_RECORDS TO PROCESS_.
________

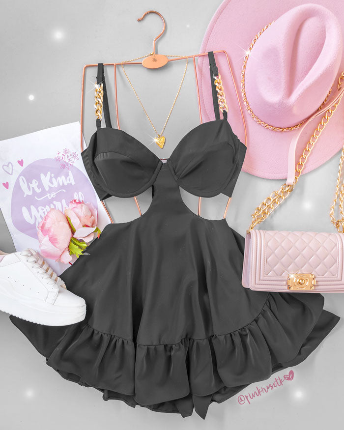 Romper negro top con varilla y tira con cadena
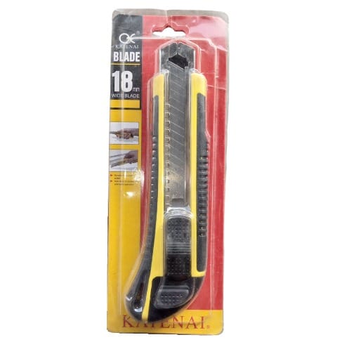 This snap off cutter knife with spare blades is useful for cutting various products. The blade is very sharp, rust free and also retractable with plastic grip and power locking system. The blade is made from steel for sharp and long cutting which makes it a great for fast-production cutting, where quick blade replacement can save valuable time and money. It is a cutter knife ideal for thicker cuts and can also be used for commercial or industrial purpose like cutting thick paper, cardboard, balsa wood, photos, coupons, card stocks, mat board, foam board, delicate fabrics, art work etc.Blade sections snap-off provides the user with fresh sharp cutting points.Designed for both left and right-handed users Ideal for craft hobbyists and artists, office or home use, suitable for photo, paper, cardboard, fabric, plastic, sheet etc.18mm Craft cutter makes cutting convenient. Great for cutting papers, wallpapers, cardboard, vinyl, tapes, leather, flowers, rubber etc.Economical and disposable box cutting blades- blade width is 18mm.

________

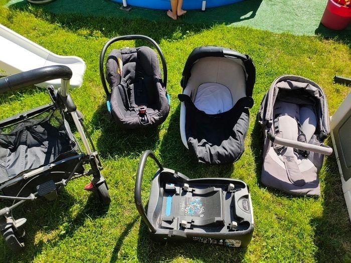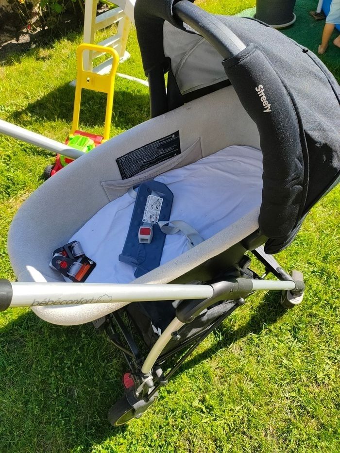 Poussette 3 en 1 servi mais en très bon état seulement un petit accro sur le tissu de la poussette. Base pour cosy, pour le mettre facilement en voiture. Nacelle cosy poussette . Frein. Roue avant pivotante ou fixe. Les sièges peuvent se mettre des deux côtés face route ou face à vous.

________

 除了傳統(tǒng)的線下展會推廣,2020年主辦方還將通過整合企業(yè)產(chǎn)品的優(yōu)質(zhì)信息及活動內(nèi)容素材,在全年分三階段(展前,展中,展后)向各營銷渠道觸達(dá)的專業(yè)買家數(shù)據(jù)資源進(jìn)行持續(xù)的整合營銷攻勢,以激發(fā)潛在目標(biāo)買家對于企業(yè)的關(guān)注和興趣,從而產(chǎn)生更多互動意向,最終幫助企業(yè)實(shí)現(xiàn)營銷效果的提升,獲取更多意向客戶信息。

________

_EXERCISE_. Only the lines above from the one containing "Romper negro top" through the one containing "This snap off" should be returned, verbatim and inclusive, with pictures excluded.

_WRITTEN ANSWER_.
 Romper negro top con varilla y tira con cadena
 This snap off cutter knife with spare blades is useful for cutting various products. The blade is very sharp, rust free and also retractable with plastic grip and power locking system. The blade is made from steel for sharp and long cutting which makes it a great for fast-production cutting, where quick blade replacement can save valuable time and money. It is a cutter knife ideal for thicker cuts and can also be used for commercial or industrial purpose like cutting thick paper, cardboard, balsa wood, photos, coupons, card stocks, mat board, foam board, delicate fabrics, art work etc.Blade sections snap-off provides the user with fresh sharp cutting points.Designed for both left and right-handed users Ideal for craft hobbyists and artists, office or home use, suitable for photo, paper, cardboard, fabric, plastic, sheet etc.18mm Craft cutter makes cutting convenient. Great for cutting papers, wallpapers, cardboard, vinyl, tapes, leather, flowers, rubber etc.Economical and disposable box cutting blades- blade width is 18mm.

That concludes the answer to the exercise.